Insulin promotes storage of food energy for later use. This is crucial in the survival of the species, since food is not constantly available. We must be able to store enough food to survive the periods of famine inherent in human history. In the liver, glucose molecules from dietary carbohydrates are strung together in long chains to form the molecule glycogen. For a quick energy boost, glycogen can easily be broken back down into its component glucose molecules.

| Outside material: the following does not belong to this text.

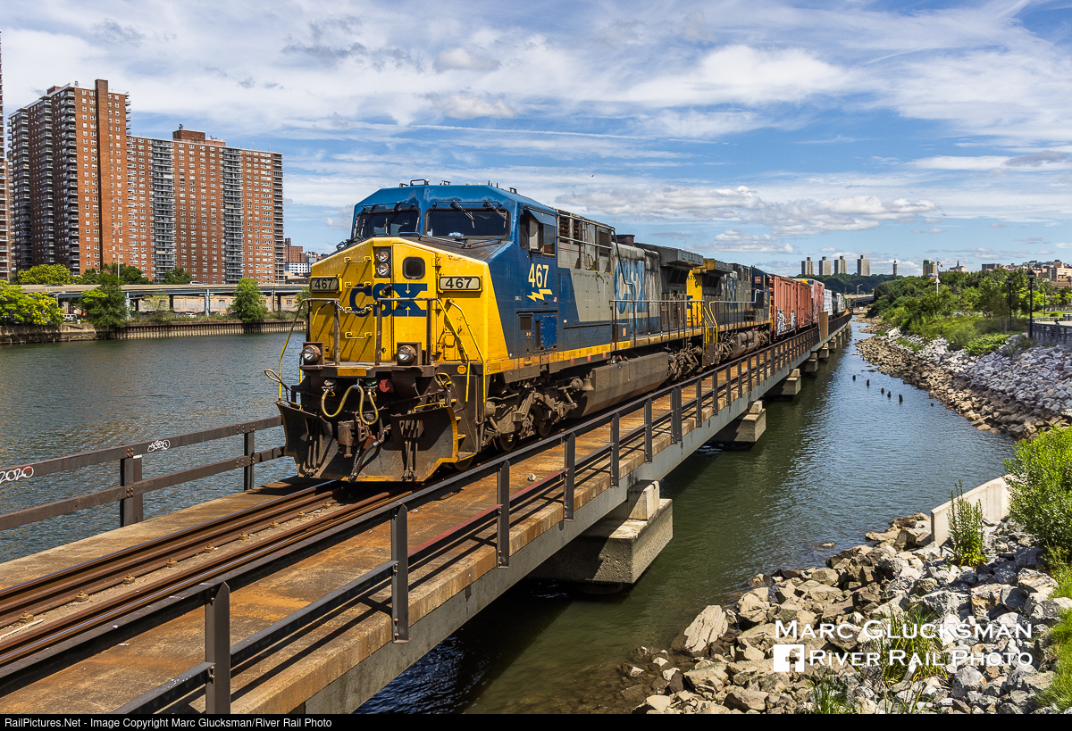 CSX On The Water. On Friday, July 18, 2025, CSX M701 was recrewed by Y102 at Croton West Yard in Croton-On-Hudson, New York, and made a daylight trip to the Oak Point Yard in The Bronx, New York. Matched YN2 AC44CWs CSXT 467 and 476 gave the move a vintage feel. This southbound train and its northbound counterpart, M702, normally run at night and only see daylight under unusual circumstances. When they do, however, it motivates railfans to go out and see the only freight trains that travel through this densely populated area of New York City. The train is headed down the Oak Point Link near Bronx Point.
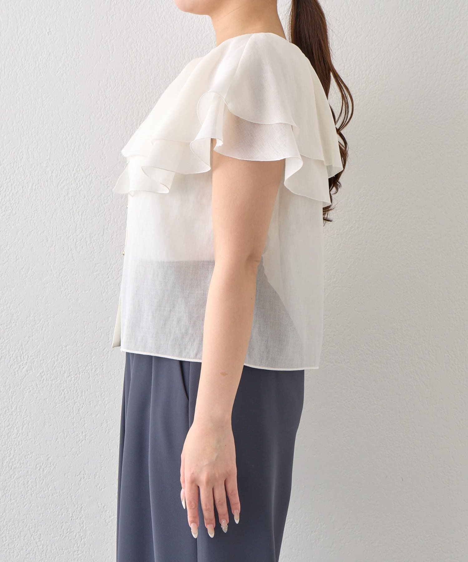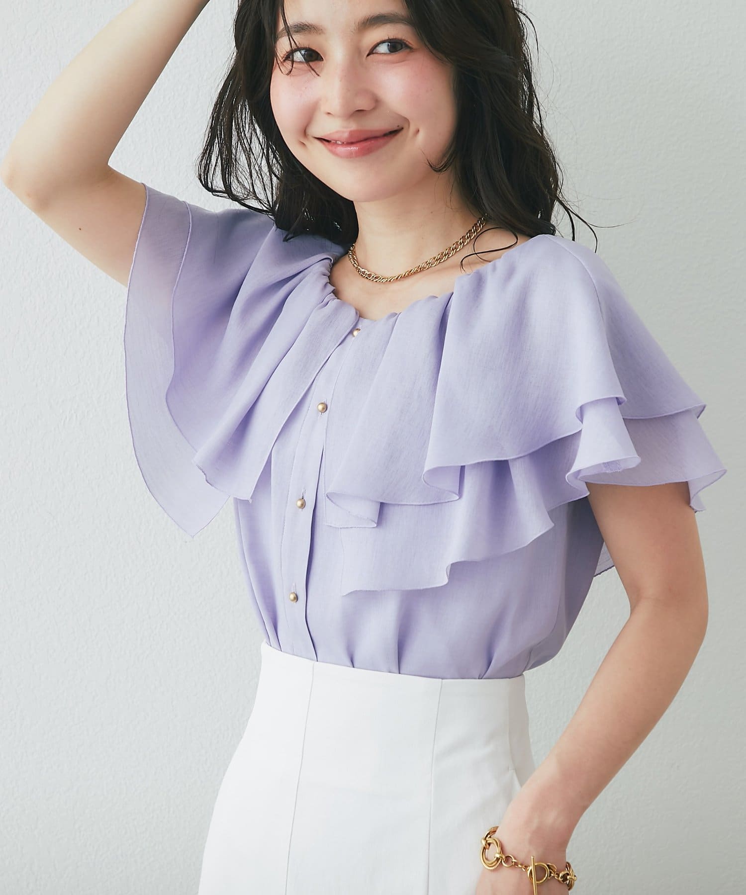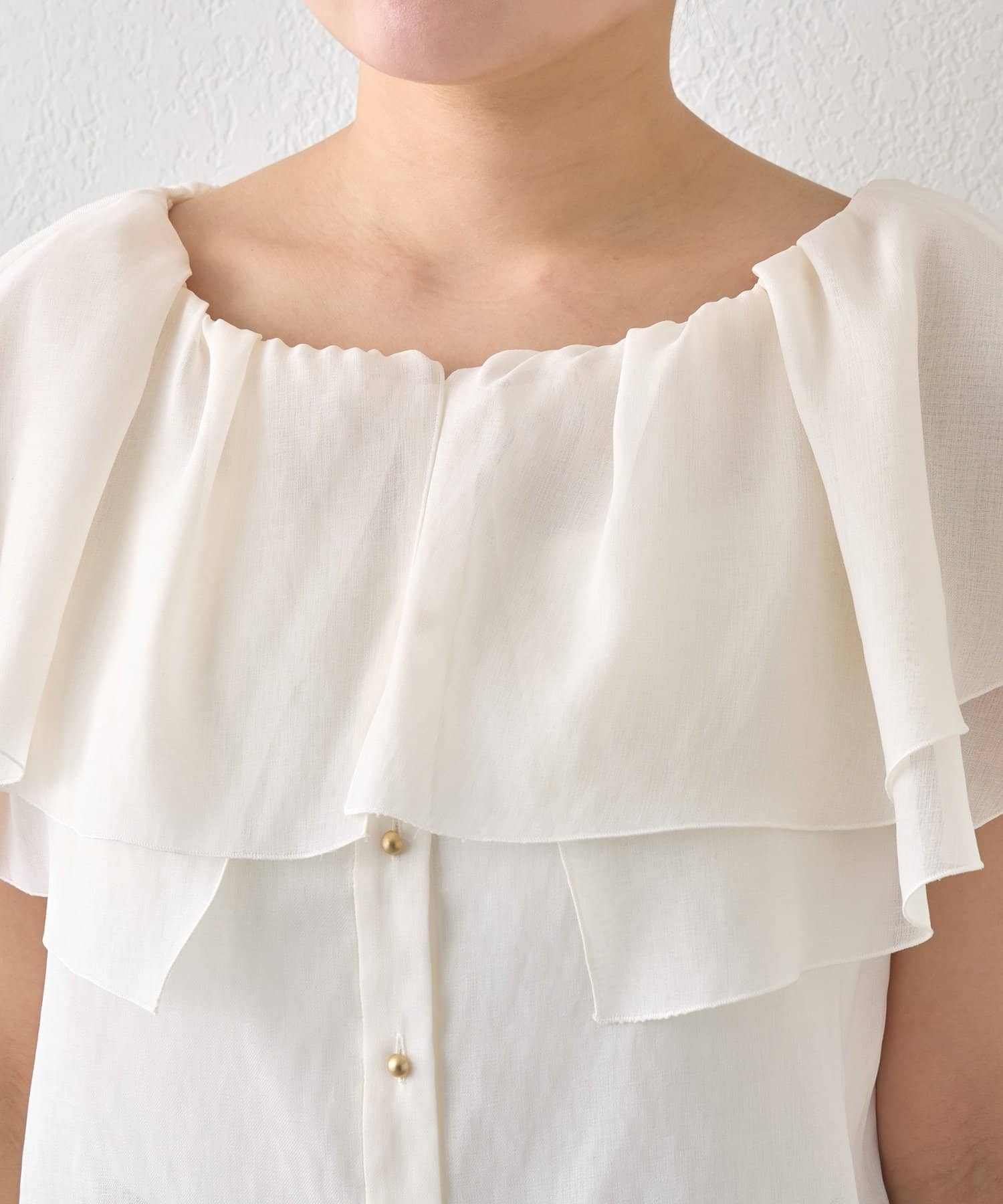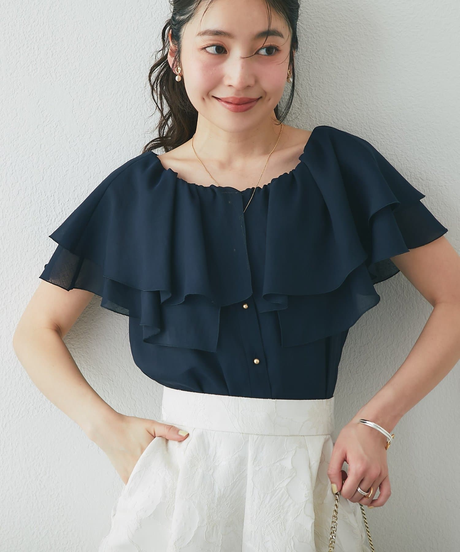 重なり合うフレアカラーが動くたびにふんわり揺れ、女性らしい印象を引き立てます。

Glycogen is the preferred storage form of glucose since it is easily accessible. However, there is limited storage room available inside the liver. Glycogen is analogous to a refrigerator. Food brought into the house is easily placed into and taken out of the refrigerator. However, it can only hold a certain amount of food.
The making of new fat
Once full, excess glucose needs a different storage form. The liver transforms this glucose into newly created molecules of triglycerides, also known as body fat. This process is called De Novo Lipogenesis (DNL). 'De Novo' means 'from new', and 'lipogenesis' means fat creation. So, DNL means literally, the making of new fat. It is left unsaid that this newly created fat is made from the substrate glucose, not dietary fat. This distinction is important because fats made from DNL are highly saturated, leading to confusion. Eating excessive carbohydrates can lead to an increase in saturated fat levels in the blood.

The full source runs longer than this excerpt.